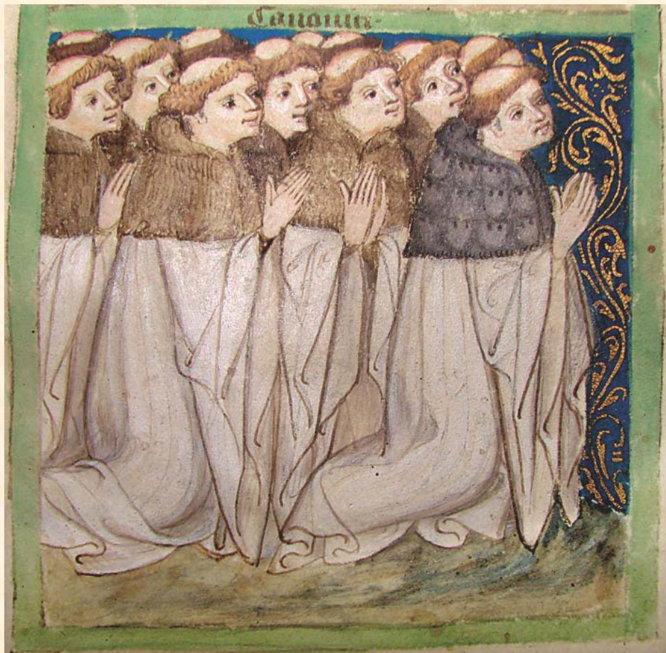
Kanovníci v čele s proboštem (almuce)
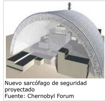
Nuevo sarcófago de seguridad proyectado

4.2 El año del accidente se construyó un sarcófago para sellar el reactor estropeado. Éste tiene algunos defectos debido a que fue construido de una manera apresurada y en condiciones muy adversas, ya que el personal que trabajó en su construcción estuvo expuesto a niveles de radiación muy altos.
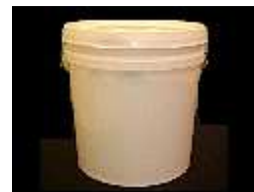
Massa p/ Tratamento
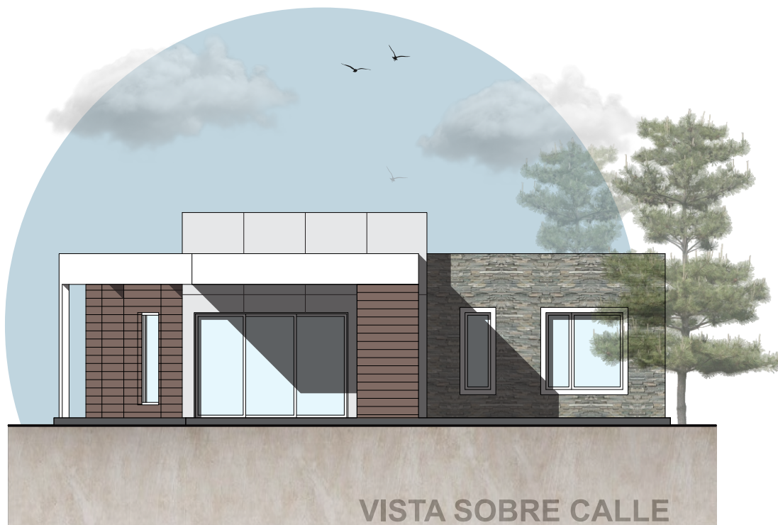
VISTA SOBRE CALLE

CUBIERTOS 103,95m 2 | SEMI CUBIERTOS 50,30m 2
####################
__TRY IT__
Could you write out verbatim only those lines that run from the line containing "Massa p/ Tratamento" through the end of the listing above, both included, without the pictures?

__YOUR SOLUTION__
Massa p/ Tratamento
VISTA SOBRE CALLE

CUBIERTOS 103,95m 2 | SEMI CUBIERTOS 50,30m 2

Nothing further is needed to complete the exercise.